If you listen to the Bowie example below you’ll hear how Spleeter can unmix music. This is early days for this kind of technology and, just like the commercial products available, when used to completely isolate or exclude elements of a mix the artefacts produced seriously limit the usefulness of these tools but the fact that this can be done at all is seriously impressive even in 2019.
How To Try Spleeter
Although Spleeter is freely available to all, it isn’t for the casual user, it is purely command-line driven and “under the hood” knowledge of computers and code is assumed, it is a research tool after all. Having access to the code is interesting as, unlike the commercial products out there which offer similar functionality, having direct access tot he engine means that, in the right hands, it can be tweaked to perform better on specific material.
How Can I Try Spleeter Without Installing It?
Not all of us are going to install something as user-unfriendly as this Command-Line engine, if you want to try it and lack the computer chops to get hands-on with the engine itself head over to melody.ml where you can upload a stereo mp3 and they will process and email you the stems, again all in mp3 format.
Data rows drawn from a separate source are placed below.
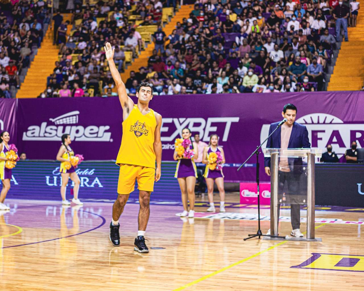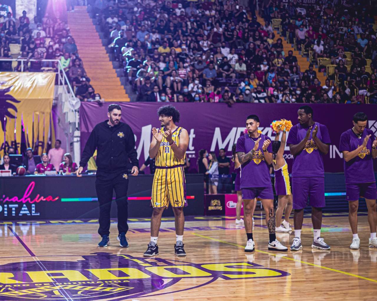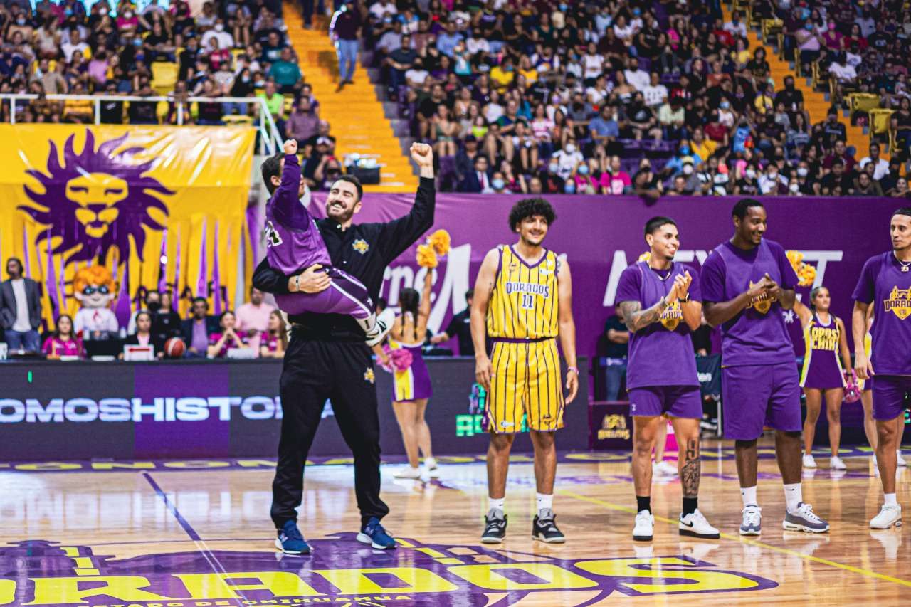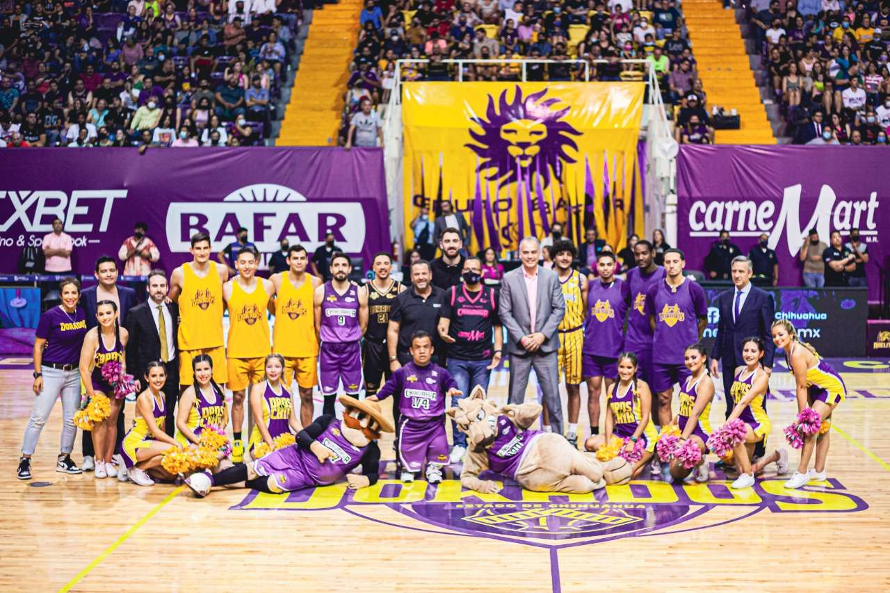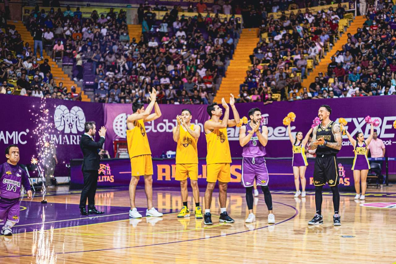 Chihuahua.- El Club Dorados del Estado de Chihuahua presentó a sus jugadores que formarán parte en la temporada 2022 de la Liga Nacional de Baloncesto Profesional (LNBP), ante 9 mil 500 aficionados que se dieron cita en el Gimnasio Manuel Bernardo Aguirre (MBA) en el encuentro de las Finales de la Liga Femenil entre Adelitas y Astros de Jalisco.
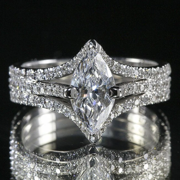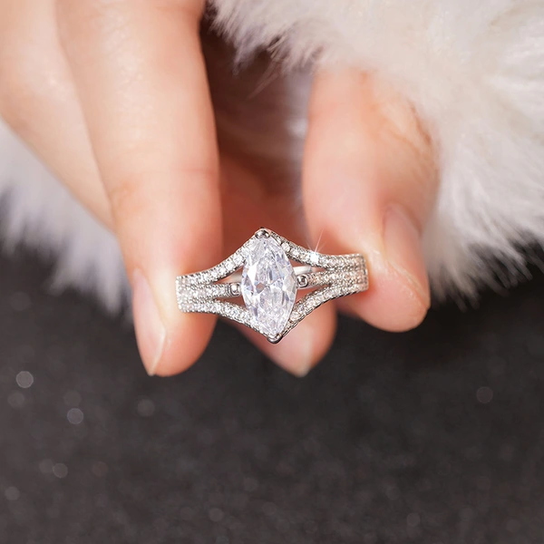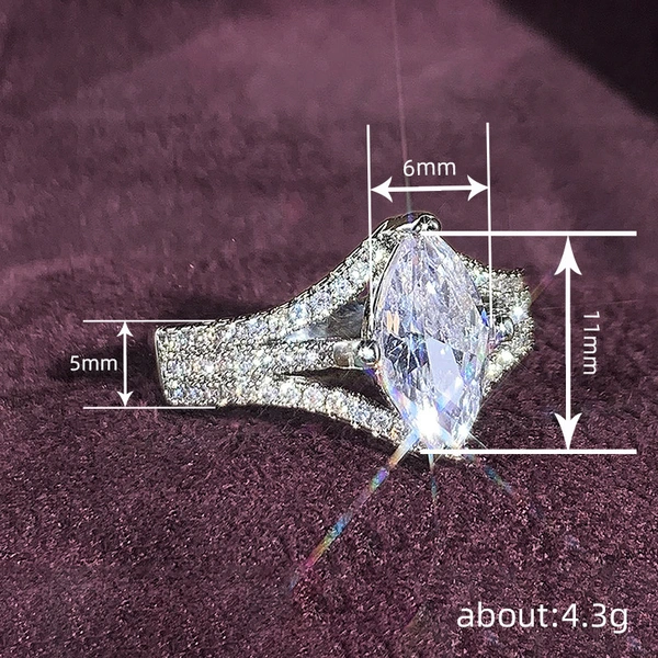 خاتم زفاف جديد من الزركون اللامع على شكل عين حصان إبداعي مجوهرات حية للنساء
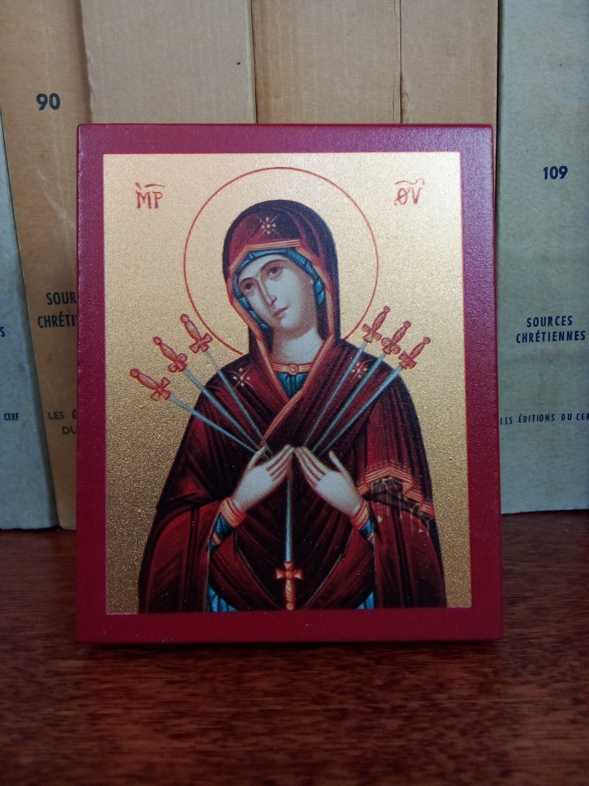 Avaleht/Seitsme mõõgaga Jumalaema ikoon (ca 7 x 9 cm) (väiksem)
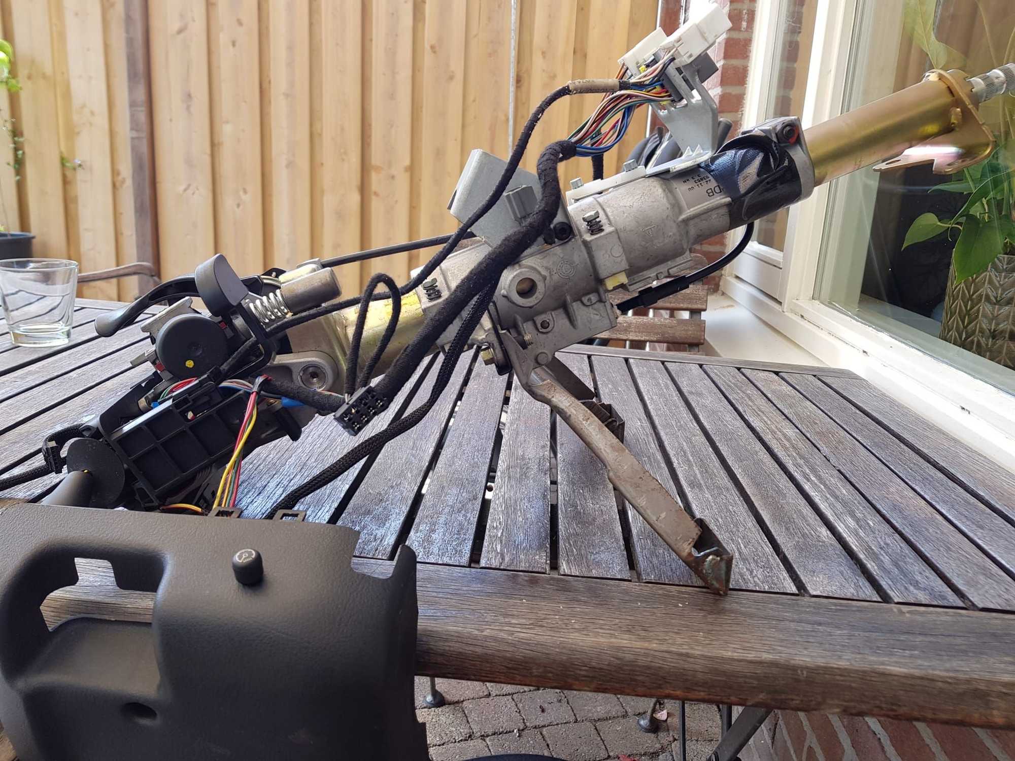 This is the side view (notice the 'bicycle brake' cable on the right bottom of the column)
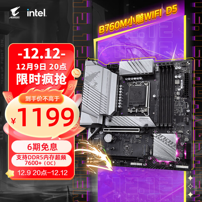 技嘉(GIGABYTE)小雕WIFI B760M AORUS ELITE AX 电脑主板DDR5支持CPU13700K/13600KF Intel B760 LGA 1700价格:1199.00元!
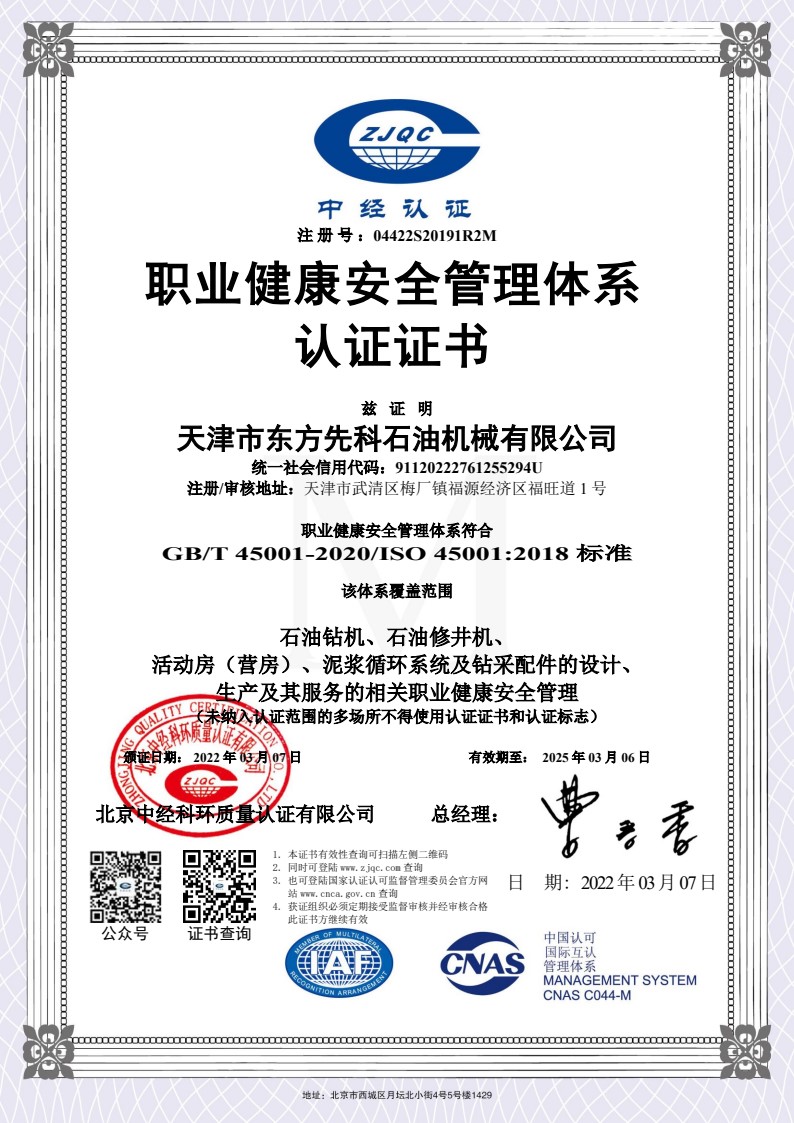 職業健康安全管理體系認證證書
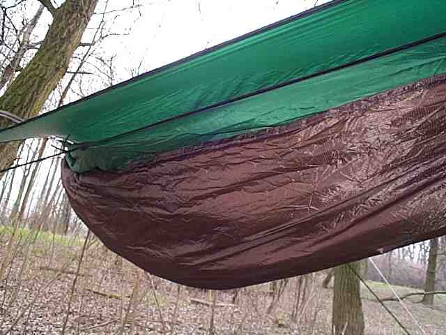 Bei der einen wurde die seitliche Abspannung der Hängematte nicht verwendet und die Unterbodenisolierung konnte sich eng um die Hängematte legen. Die Isolierung war dann so breit gestaltet, dass sie den Schläfer wie einen Cocoon einwickelte. Die Amerikaner wollten damit auch immer bei stärkstem Frost noch schlafen.
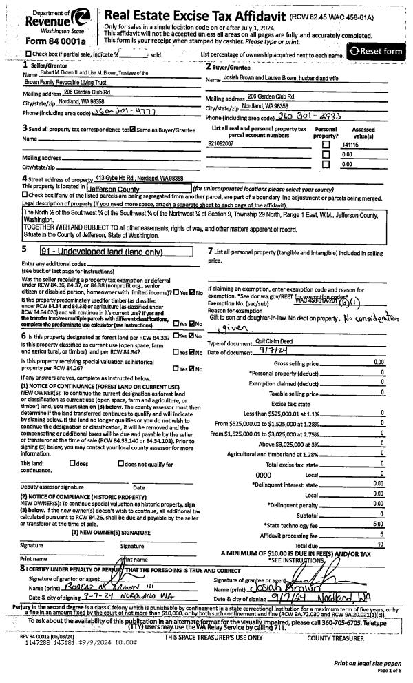 | 6 | 03/04/2005 | QCD | Quit Claim Deed | PORT TOWNSEND CHURCH OF T | WA PACIFIC DISTRICT ADVISORY | | | $0.00 | 103417 | 0 |
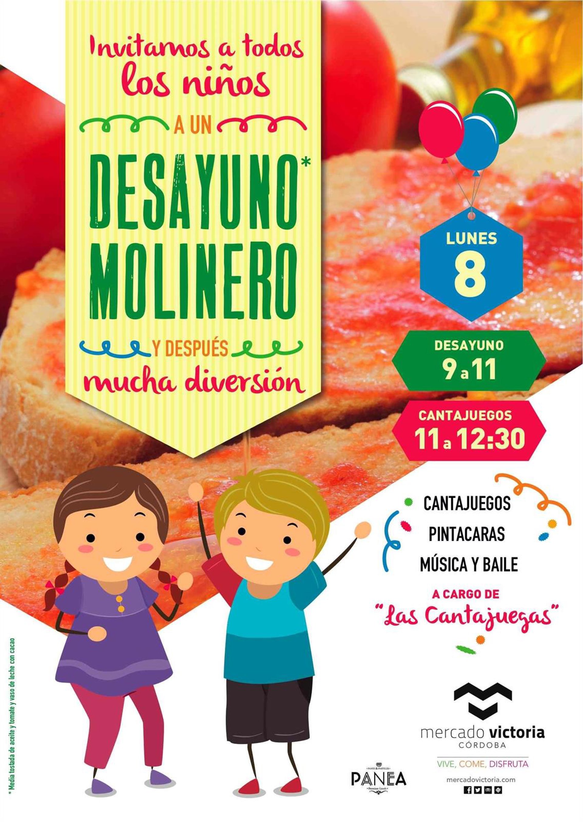 El Mercado Victoria de Córdoba dedica la mañana de este lunes 8 de septiembre al público infantil, invitando a los niños que acudan a su cafetería a un desayuno molinero y posteriormente a disfrutar de la actuación de un grupo de animación infantil.
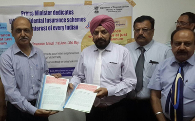JAMMU, May 7: The Life Insurance Corporation of India today signed MoU with The Jammu Central Cooperative Bank Ltd at Corporate Hqrs Sehkari Bhawan for providing Life Insurance Coverage to savings bank account holders of the bank under the Pradhan Mantri Jeevan Jyoti Bima Yojana.
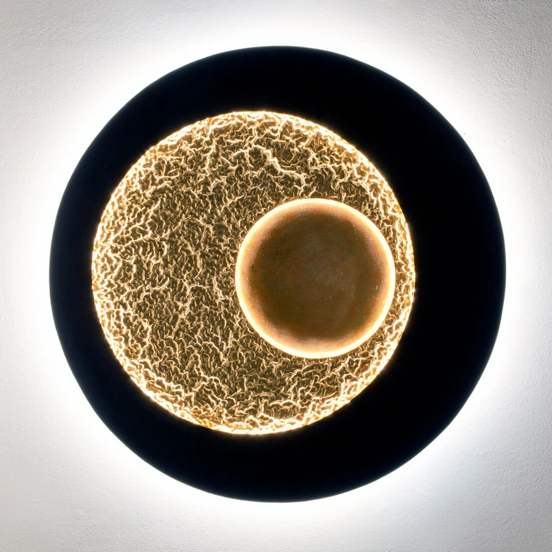 Atmosfærisk LED-vegglampe Urano LED-vegglampen Urano, som er laget helt i jern, skaper en fantastisk lyseffekt. Den består av en stor, rund sirkel i svartbrunt, hvorpå ytterligere to sirkler er plassert som måner. De to indre sirklene er gullfargede, og den største av dem er hamret, noe som ytterligere forsterker det dekorative uttrykket og "måneeffekten". Den indre og den ytre sirkelen er utstyrt med hver sin LED-stripe, som ikke bare skaper en lyskrone på veggen, men også fremhever den hamrede overflaten på midtsirkelen med lyset fra den lille "månen" - kan dimmes eksternt
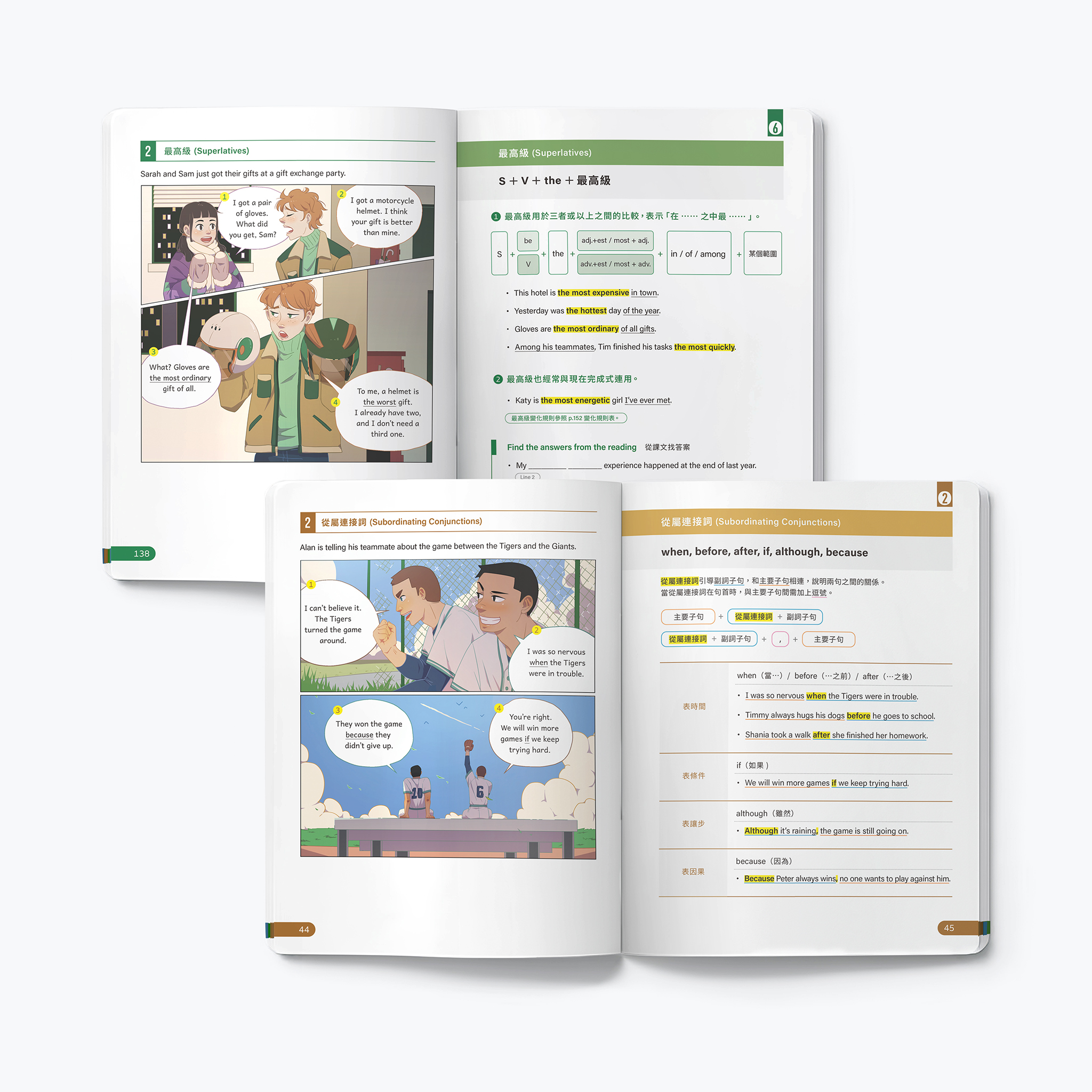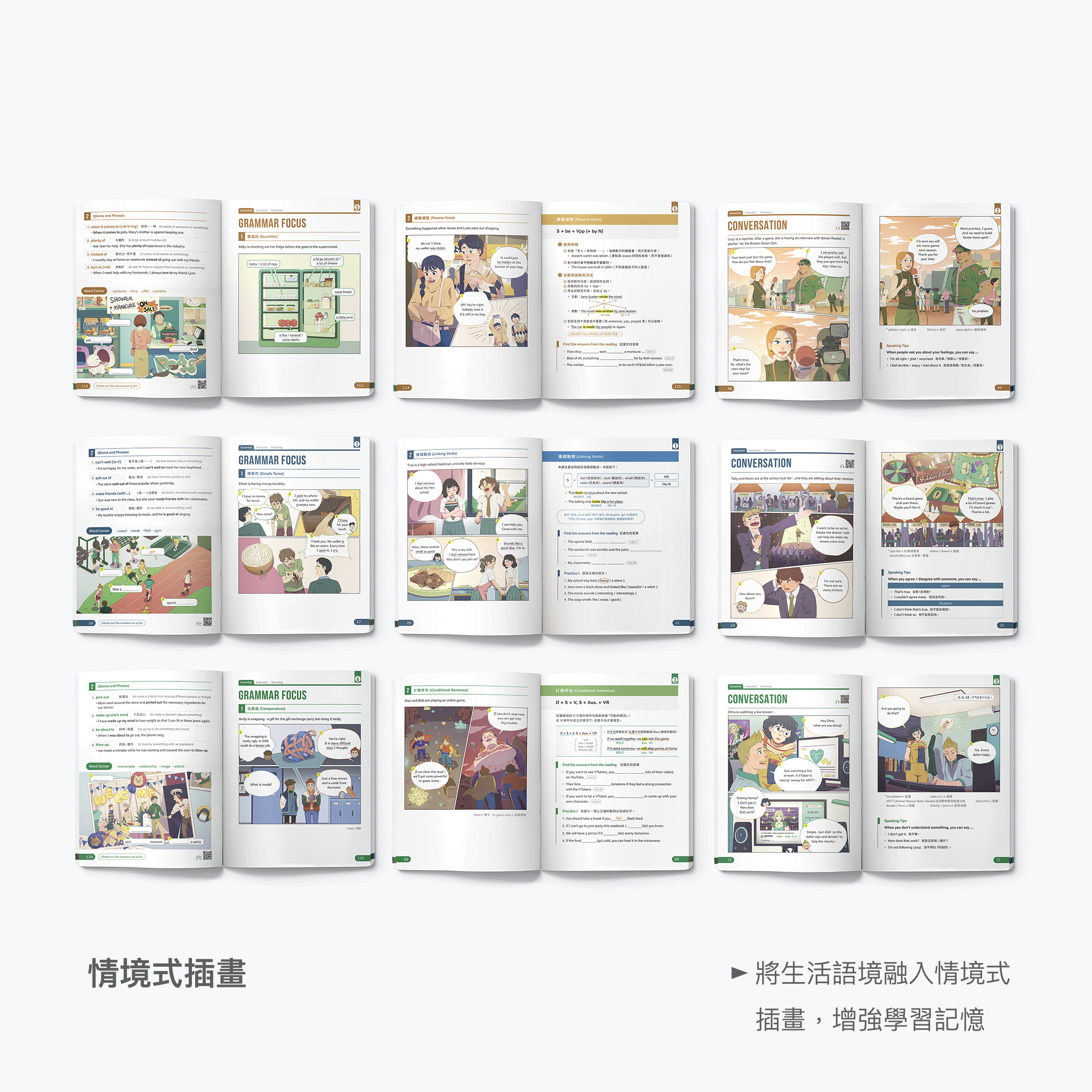 ▍沉浸式功能插畫設計:運用情境式漫畫,營造活潑輕鬆的學習氛圍,插畫同時具備導讀功能,協助學生理解學習重點,增強學習動機與記憶。

We tried this and the results were impressive. Although there were lots and lots of artefacts and warbly modulations, when recombined they offered all the options of stem mixing. Just don’t try to drop the band out for an acapella verse, impressive as this tech is it isn’t quite there yet!
What Commercial Products Offer Unmixing?
iZotope offer Master Rebalance in Ozone and RX. The name iZotope have chosen and the way they have presented the controls are a clear indications tat they feel that while this technology is suitably advanced to offer genuinely useful production tools for adjusting the relative levels of the different elements in t a track, the results aren’t yet at the point where isolated elements can be presented on their own or out of their original context without the artefacts becoming too audible for professional use.
Audionamic Xtrax goes further in terms of separation, offering full stem extraction into drums, vocals and “music” by which we’re sure they mean pitched instruments, not just taking a swipe at drummers!
Zynaptiq offer Unmix Drums, a plug-in which can extract drums and percussion from a stereo mix.
With unmixing tech progressing at the speed it is, artefact free unmixing seems to be only a matter of time away. Interestingly developments like the recent launch of Mix The Music, a service which offers multitracks of commercially released music suggests that record companies should monetise their multitracks before technology catches up with them.